Informations générales
Date Vers 389 à 386 av. J.-C.[N 1]
Lieu Étrurie méridionale
Issue Aucun autre combat opposant les Romains aux Étrusques jusqu'en 358 av. J.-C. Guerre romano-étrusque (358 - 351)
Belligérants
République romaine Cités étrusques

La guerre romano-étrusque de 389 à 386 av. J.-C. est un conflit opposant la République romaine à certaines cités étrusques.

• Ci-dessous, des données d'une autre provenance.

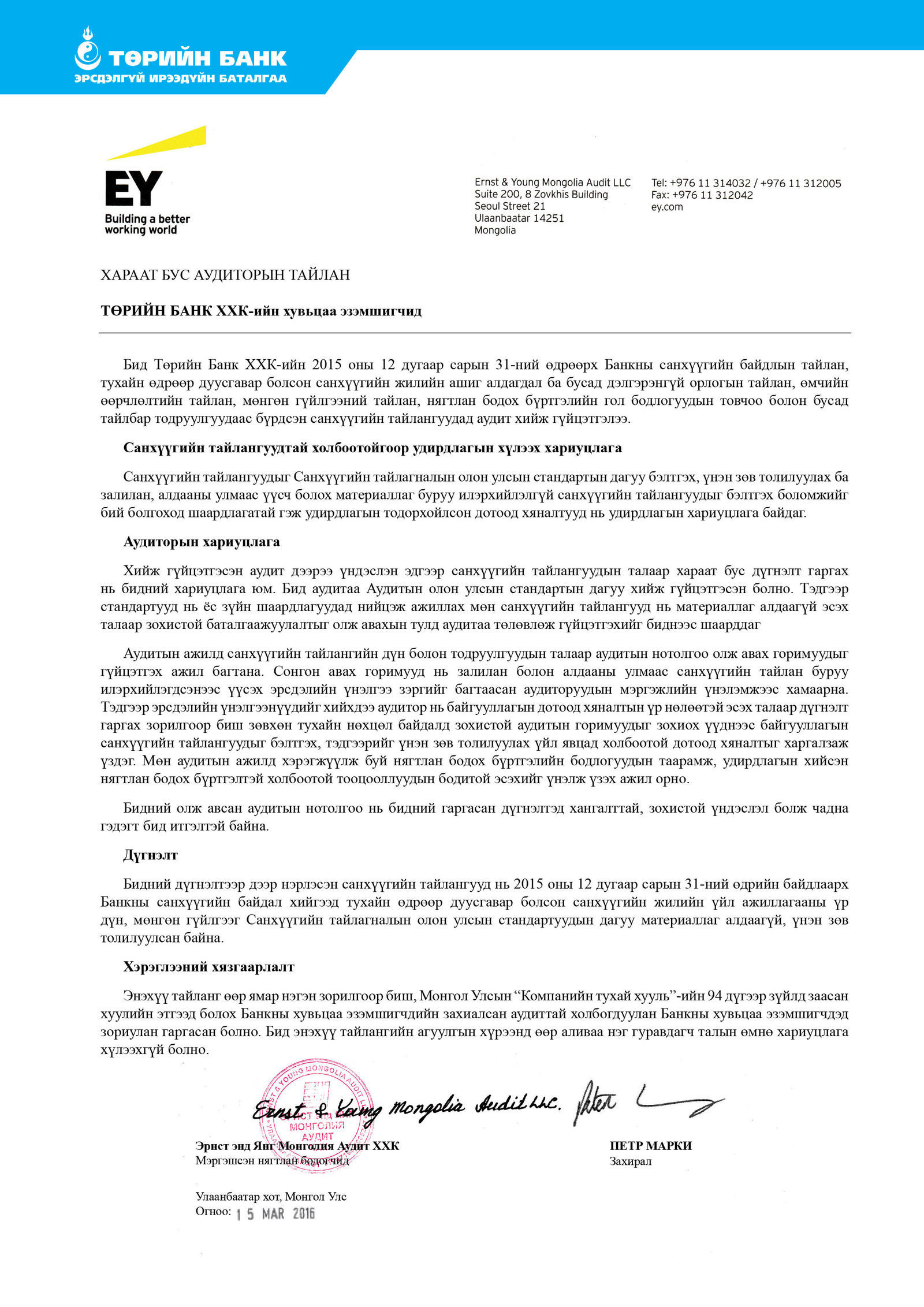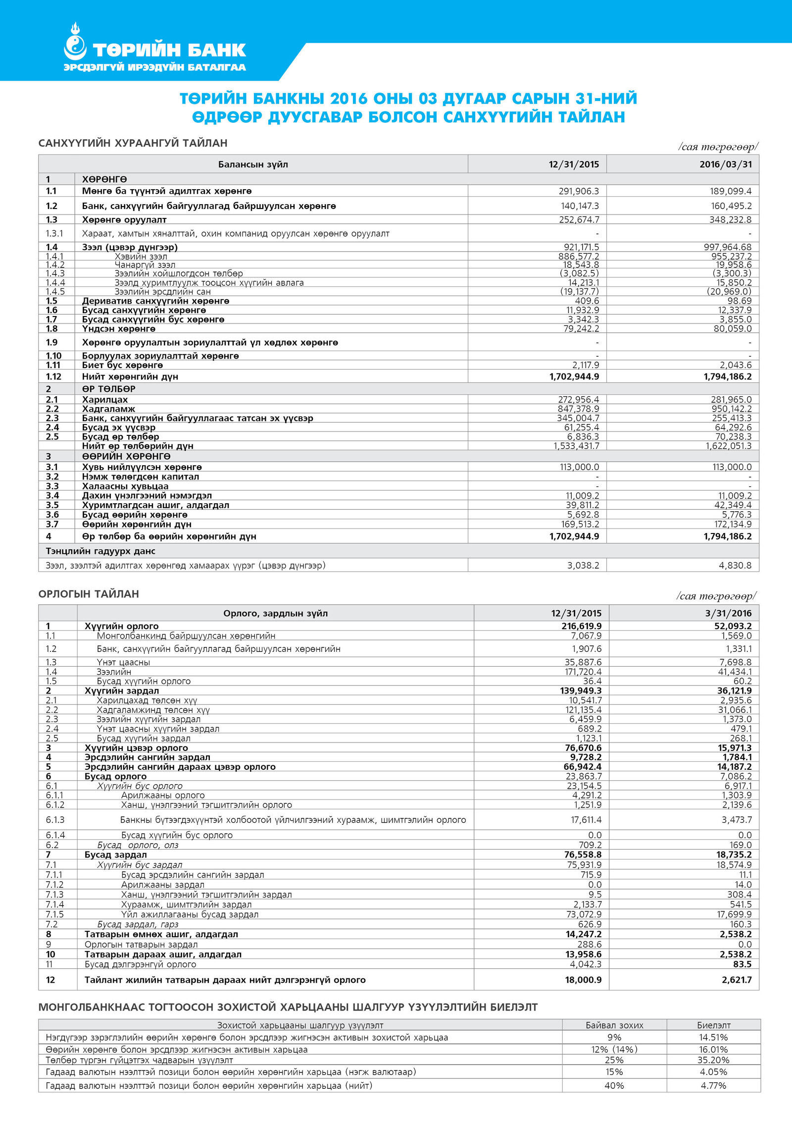 Төрийн банкны 2010, 2011, 2012, 2013, 2014, 2015 оны жилийн эцэс, 2016 оны 1 дүгээр улирлын санхүүгийн дэлгэрэнгүй тайланг дараах линкнээс харна уу. https://www.statebank.mn/w/mn/m505
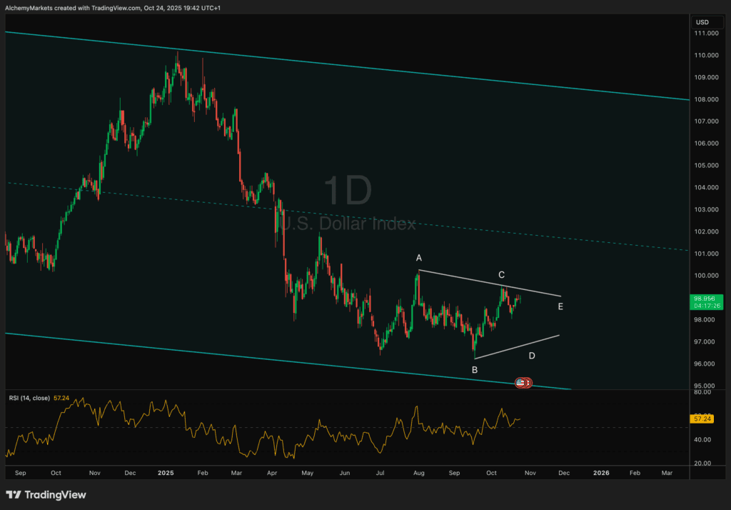Currently, the index trades near 98.96, sitting midway within the triangle. The pattern’s upper boundary (around 99.50) represents near-term resistance, while the lower boundary (near 97.20–97.50) serves as key support.
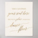Cette élégante enseigne de piste de danse en or et en ivoire est parfaite pour un mariage simple. Le design neutre est orné d'une affiche minimaliste ornée d'une typographie romantique et fantaisiste en feuille d'or. Le panneau indique "vous pouvez trouver votre siège ici, mais votre place est sur la piste de danse". Encadrez ce panneau et mettez-le sur la table de la réception avec vos cartes de visite. Remarque : Ce design ne comporte pas de véritable feuille d'or. C'est un graphisme de haute qualité fait pour ressembler à du papier doré.
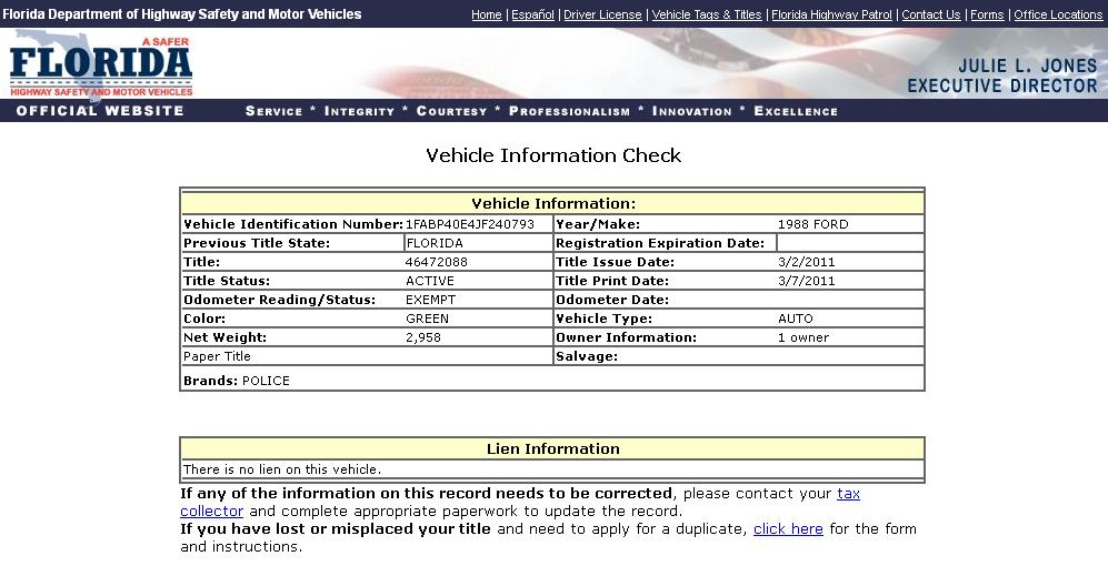 We used the State of Florida DMV Vehicle Information Search Function to search for VINs, and have

L'exactitude de tous les faits rapportés par les annalistes antiques est remise en question par les historiens modernes.

Contexte[modifier | modifier le code]

Les épisodes des guerres romano-étrusques du Ve siècle av. J.-C. contre Véies jusqu'à la prise de Volsinies en 264 av. J.-C. sont des évènements historiques principalement connus par l'historiographie romaine, en particulier Tite-Live, et la recherche archéologique vient parfois confirmer certains évènements[1]. L'historien romain a tendance à minimiser les revers subis par les Romains alors qu'il détaille davantage les victoires.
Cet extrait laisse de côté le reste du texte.